# EXERCISE DETAILS
Before you return the entries below, strip out the pictures and keep all else exact.

-- DATASET EXCERPTS follows --

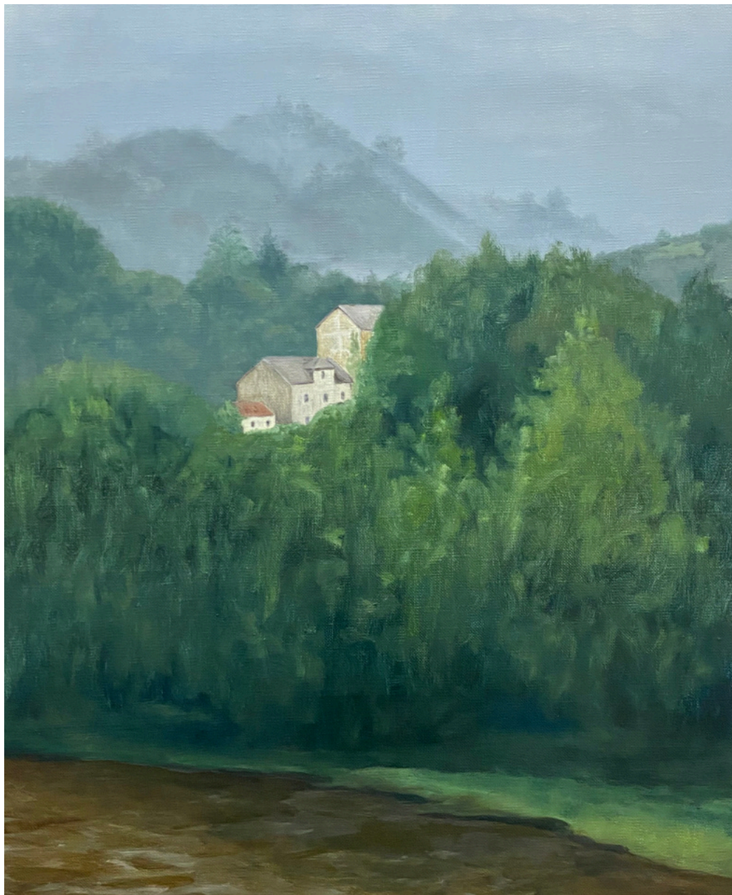
Isabel Gil Sánchez San Martín Oil On Canvas 61 x 50 x 1 cm. P.V.P - 777€
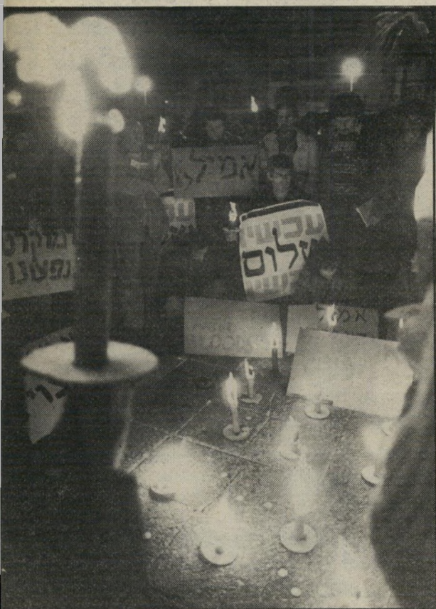
ציון צפרייר: מישמרת אבל לאמיל גרינצוויג
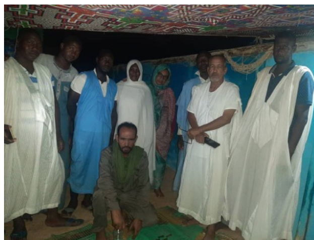
Membres du comité de veille et d'alerte d'Iwik (avec des éléments du PNBA)
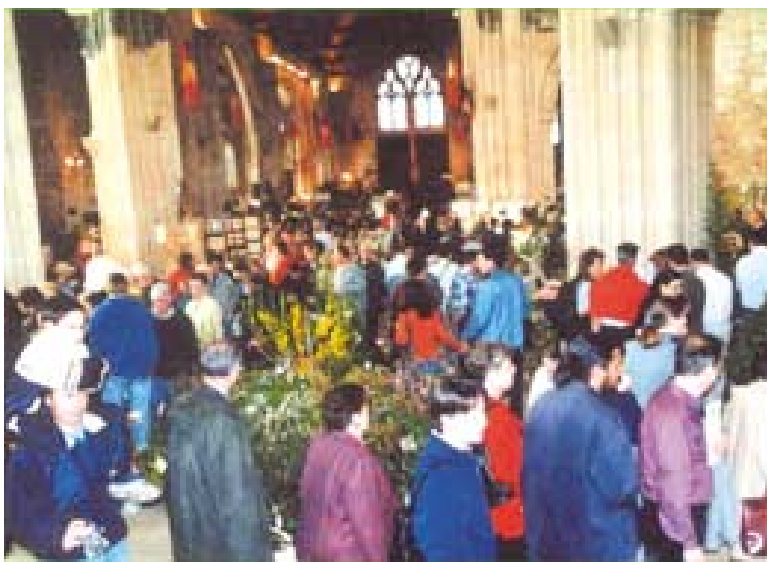
Affluence dans l'ancienne église Saint-Pierre lors du salon 2003.

Pendant trois jours l'ancienne église Saint-Pierre sera le rendez-vous obligatoire des passionnés de jardins et de la nature.
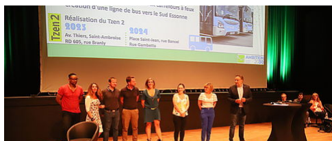
AMBITION 2030 : POINT D'ÉTAPE, 1 AN APRÈS LE LANCEMENT
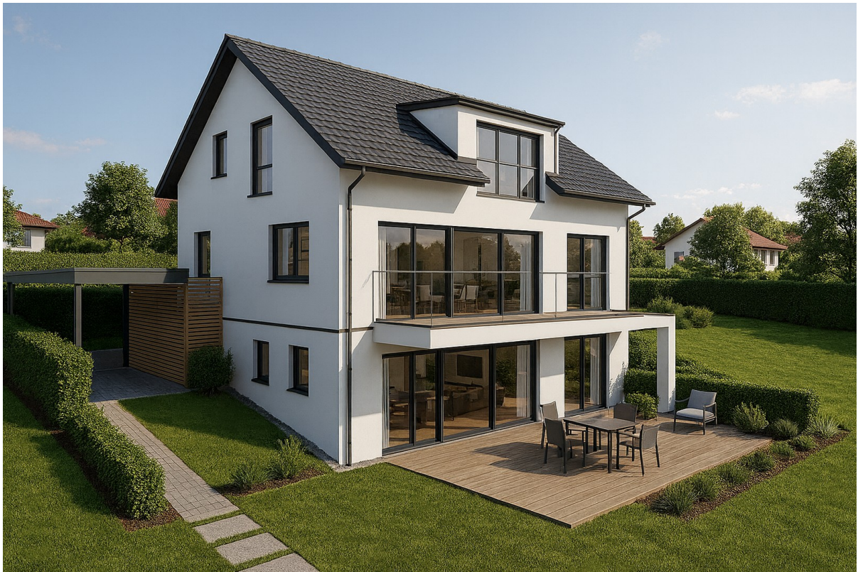
Beispielhaus Rückseite (Osten)
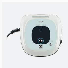
Boîtier de commande
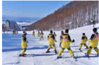
ゲレンデデビューにピッタリの広々緩斜面。
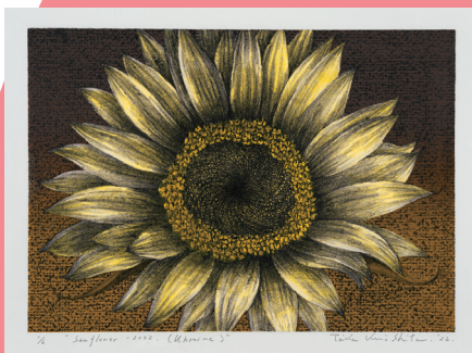
木下泰嘉《Sun flower-2022 (Ukraine)》2022年 リトグラフ、紙
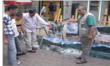
Beşim boyamak için boyaları

Bayburt Bilim Eğitim ve Kültür Derneği (Bekder), Bayburt, İspir, Yusufeli ve Artvin'de açtığı Fotoğraf Sergileriyle Çoruh Nehri'nin Temiz Tutulmasını İstedi.
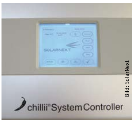
„Chillii System Controller H“ für moderne Heizsysteme.

Diese zentrale Steuerung gehört zu den ersten Systemreglern für komplexe thermische Heizsysteme mit unterschiedlichsten Wärmequellen, mit dem umfangreiche Hydraulikvarianten (mehr als 46000 Varianten) durch ein einziges Gerät regelbar sind. Über den Touchscreen und den integrierten Einrichtungsassistenten können selbst umfangreiche Hydrauliken schnell und einfach abgebildet werden. Komfort- und Ecofunktionen ermöglichen dem Anlagenbetreiber, Anteile und Grenzwerte bevorzugter Energiequellen zu definieren, ohne auf Komfort bei der Heizung zu verzichten.
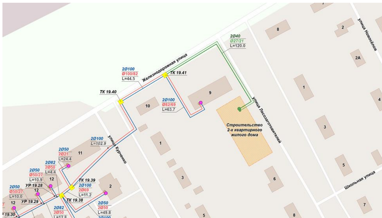
Рисунок 1. Планируемый к подключению 2-х квартирный жилой дом по ул. Лесозаготовителей к централизованной системе теплоснабжения г.п. Таёжный
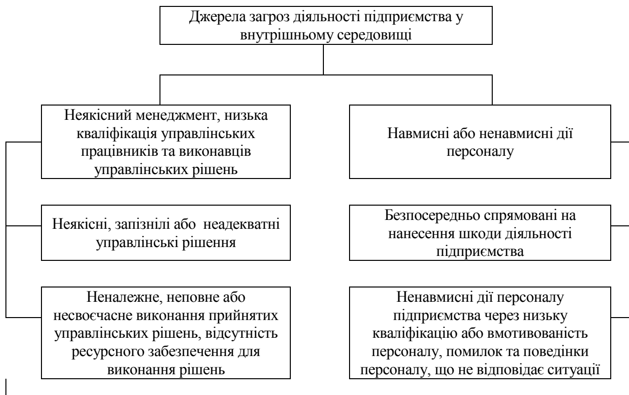
Рис. 4. Процеси та явища у внутрішньому середовищі підприємства як загрози його діяльності

У внутрішньому середовищі діяльності підприємства загрози виникають і через дії персоналу, які можуть бути:
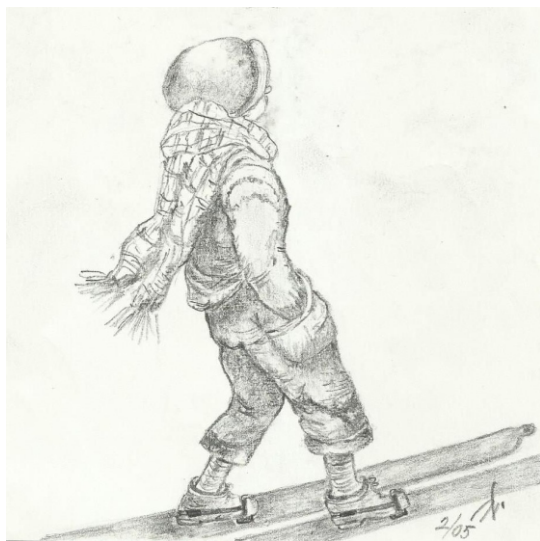
Ilustrace J. Švajdová
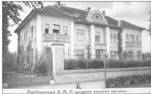
A kollégium („internátus”) a Széchenyi utcán

lenc évvel, 1929-ben az ország kezdett magára találni (majd jött a gazdasági világválság). A korabeli sajtó, mint „új apáca Internátus” címmel mutatta be az intézetet s tette közzé az igazgatóság felhívását – egyébként éppen azon a napon, amikor az első repülőgép is megérkezett a nyíregyházi repülőtérre. 12 Az internátusi díj nem volt kevés: havi 100 pengő. Később 80-90 pengő között változott és a napi ötszöri étkezés mellett a rezsiköltségeket, az orvosi díjat és a német-francia nyelvű társalgást is magában foglalta. A tartásdíját részben természetben, részben
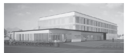
新国保病院イメージ図

整備する。これらの取り組みを進め、健康長寿日本一を目指し、本市のイメージアップに努める。
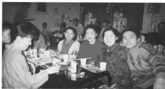
透析室でのクリスマスもなかなかです

その後、乾杯から宴会へと移り棒引きゲームに一喜一憂し、全て抽選が終わった後に、はずれクジの中に特別賞がありますと発表があると、皆一斉に盛り上がりました。敗者復活戦の結果、特別賞は院長にあたりましたが、院長の厚
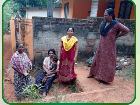
அம்பலக்கடை அன்பியம் - 3
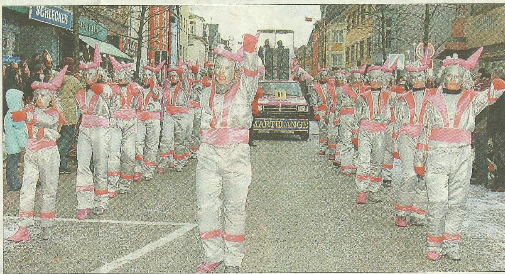
Die Kostüme dieser grauen Eminenzen passten zum Wetter, das gestern zeitweilig vorherrschte.
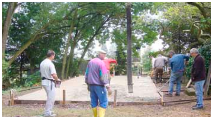
Die Bodenplatte für die Schutzhütte ist fertig
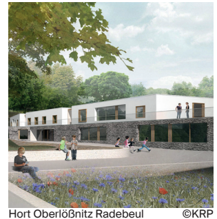
Hort Oberlößnitz Radebeul

Hort Oberlößnitz Radebeul Planung eines Horts für 250 Kinder in einer historischen Parkanlage in Radebeul
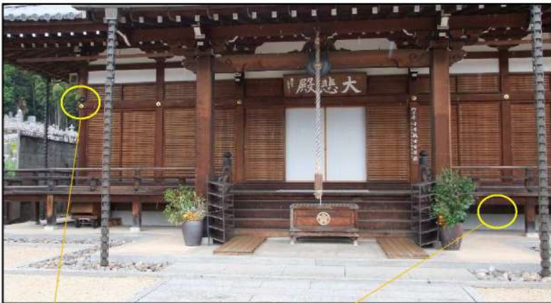
曜日別、時間別に設定可能 音声データ登録可能です。
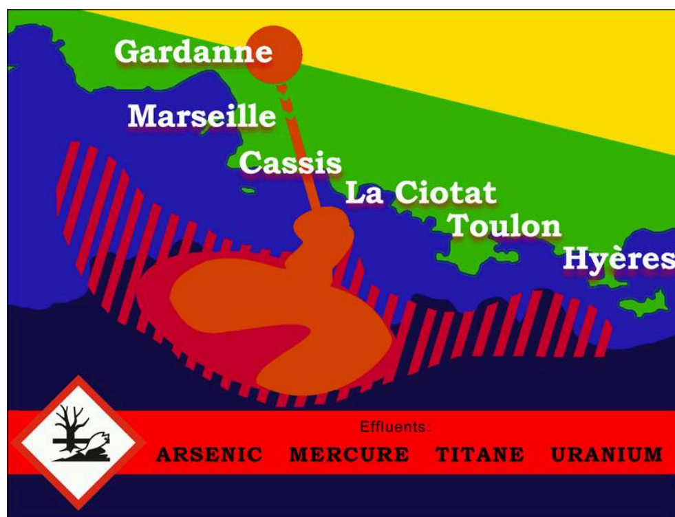
Figure 5. Affiche Anti-boues rouges, rassemblement Luminy, septembre 15.
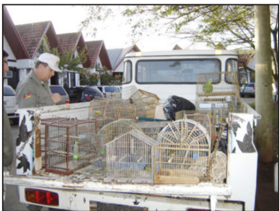
Gaiolas e pássaros foram recolhidos

Em uma ação de combate ao crime ambiental na tarde desta quinta-feira, dia 6, resultante do trabalho da Polícia Civil de Teutônia, foram apreendidas gaiolas, equipamentos para caça de aves e 21 pássaros silvestres, em Teutônia. O Batalhão da Patrulha Ambiental da Brigada Militar acompanhou as buscas, que ocorreu em uma casa no Bairro Teutônia. Os agentes encontraram um pássaro ferido pela instalação de uma anilha de identificação falsa. Conforme os servidores, no local eram criados papagaios, cardeais, canários-da-terra, trinca-ferros, sargentos, azulões, periquitos, pintassilgos, entre outros pássaros. Como o criador não possuía registro das aves, nem autorização para mantê-las em cativeiro, deverá pagar multa mínima de R$ 500,00 por espécime. Se algum dos pássaros integrar lista de extinção a multa poderá chegar a R$ 5 mil por unidade.
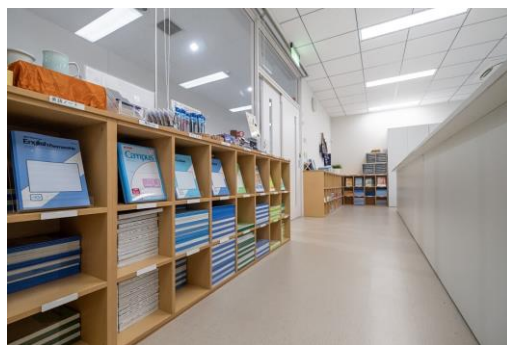
辦公室：根據產品數量和場地尺寸量身打造貨架 (訂製家具)
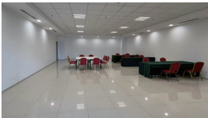
二层 B2-1 / B3-1
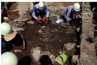
SI110 石冠(2-図147-6)出土状況(南から)
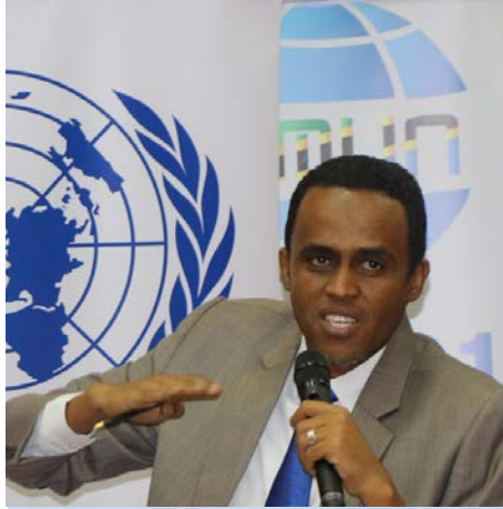
Mbunge wa Nzega Mjini, Mh. Hussein Bashe, akiwahutubia vijana wakati wa TIMUN 2018 kuhusu ubunifu na namna gani vijana wanaweza kutumia udadisi kutekeleza Malengo ya Dunia.

-- DATASET EXCERPTS concluded --

# ANSWER SECTION
Isabel Gil Sánchez San Martín Oil On Canvas 61 x 50 x 1 cm. P.V.P - 777€
ציון צפרייר: מישמרת אבל לאמיל גרינצוויג
Membres du comité de veille et d'alerte d'Iwik (avec des éléments du PNBA)
Affluence dans l'ancienne église Saint-Pierre lors du salon 2003.

Pendant trois jours l'ancienne église Saint-Pierre sera le rendez-vous obligatoire des passionnés de jardins et de la nature.
AMBITION 2030 : POINT D'ÉTAPE, 1 AN APRÈS LE LANCEMENT
Beispielhaus Rückseite (Osten)
Boîtier de commande
ゲレンデデビューにピッタリの広々緩斜面。
木下泰嘉《Sun flower-2022 (Ukraine)》2022年 リトグラフ、紙
Beşim boyamak için boyaları

Bayburt Bilim Eğitim ve Kültür Derneği (Bekder), Bayburt, İspir, Yusufeli ve Artvin'de açtığı Fotoğraf Sergileriyle Çoruh Nehri'nin Temiz Tutulmasını İstedi.
„Chillii System Controller H“ für moderne Heizsysteme.

Diese zentrale Steuerung gehört zu den ersten Systemreglern für komplexe thermische Heizsysteme mit unterschiedlichsten Wärmequellen, mit dem umfangreiche Hydraulikvarianten (mehr als 46000 Varianten) durch ein einziges Gerät regelbar sind. Über den Touchscreen und den integrierten Einrichtungsassistenten können selbst umfangreiche Hydrauliken schnell und einfach abgebildet werden. Komfort- und Ecofunktionen ermöglichen dem Anlagenbetreiber, Anteile und Grenzwerte bevorzugter Energiequellen zu definieren, ohne auf Komfort bei der Heizung zu verzichten.
Рисунок 1. Планируемый к подключению 2-х квартирный жилой дом по ул. Лесозаготовителей к централизованной системе теплоснабжения г.п. Таёжный
Рис. 4. Процеси та явища у внутрішньому середовищі підприємства як загрози його діяльності

У внутрішньому середовищі діяльності підприємства загрози виникають і через дії персоналу, які можуть бути:
Ilustrace J. Švajdová
A kollégium („internátus”) a Széchenyi utcán

lenc évvel, 1929-ben az ország kezdett magára találni (majd jött a gazdasági világválság). A korabeli sajtó, mint „új apáca Internátus” címmel mutatta be az intézetet s tette közzé az igazgatóság felhívását – egyébként éppen azon a napon, amikor az első repülőgép is megérkezett a nyíregyházi repülőtérre. 12 Az internátusi díj nem volt kevés: havi 100 pengő. Később 80-90 pengő között változott és a napi ötszöri étkezés mellett a rezsiköltségeket, az orvosi díjat és a német-francia nyelvű társalgást is magában foglalta. A tartásdíját részben természetben, részben
新国保病院イメージ図

整備する。これらの取り組みを進め、健康長寿日本一を目指し、本市のイメージアップに努める。
透析室でのクリスマスもなかなかです

その後、乾杯から宴会へと移り棒引きゲームに一喜一憂し、全て抽選が終わった後に、はずれクジの中に特別賞がありますと発表があると、皆一斉に盛り上がりました。敗者復活戦の結果、特別賞は院長にあたりましたが、院長の厚
அம்பலக்கடை அன்பியம் - 3
Die Kostüme dieser grauen Eminenzen passten zum Wetter, das gestern zeitweilig vorherrschte.
Die Bodenplatte für die Schutzhütte ist fertig
Hort Oberlößnitz Radebeul

Hort Oberlößnitz Radebeul Planung eines Horts für 250 Kinder in einer historischen Parkanlage in Radebeul
曜日別、時間別に設定可能 音声データ登録可能です。
Figure 5. Affiche Anti-boues rouges, rassemblement Luminy, septembre 15.
Gaiolas e pássaros foram recolhidos

Em uma ação de combate ao crime ambiental na tarde desta quinta-feira, dia 6, resultante do trabalho da Polícia Civil de Teutônia, foram apreendidas gaiolas, equipamentos para caça de aves e 21 pássaros silvestres, em Teutônia. O Batalhão da Patrulha Ambiental da Brigada Militar acompanhou as buscas, que ocorreu em uma casa no Bairro Teutônia. Os agentes encontraram um pássaro ferido pela instalação de uma anilha de identificação falsa. Conforme os servidores, no local eram criados papagaios, cardeais, canários-da-terra, trinca-ferros, sargentos, azulões, periquitos, pintassilgos, entre outros pássaros. Como o criador não possuía registro das aves, nem autorização para mantê-las em cativeiro, deverá pagar multa mínima de R$ 500,00 por espécime. Se algum dos pássaros integrar lista de extinção a multa poderá chegar a R$ 5 mil por unidade.
辦公室：根據產品數量和場地尺寸量身打造貨架 (訂製家具)
二层 B2-1 / B3-1
SI110 石冠(2-図147-6)出土状況(南から)
Mbunge wa Nzega Mjini, Mh. Hussein Bashe, akiwahutubia vijana wakati wa TIMUN 2018 kuhusu ubunifu na namna gani vijana wanaweza kutumia udadisi kutekeleza Malengo ya Dunia.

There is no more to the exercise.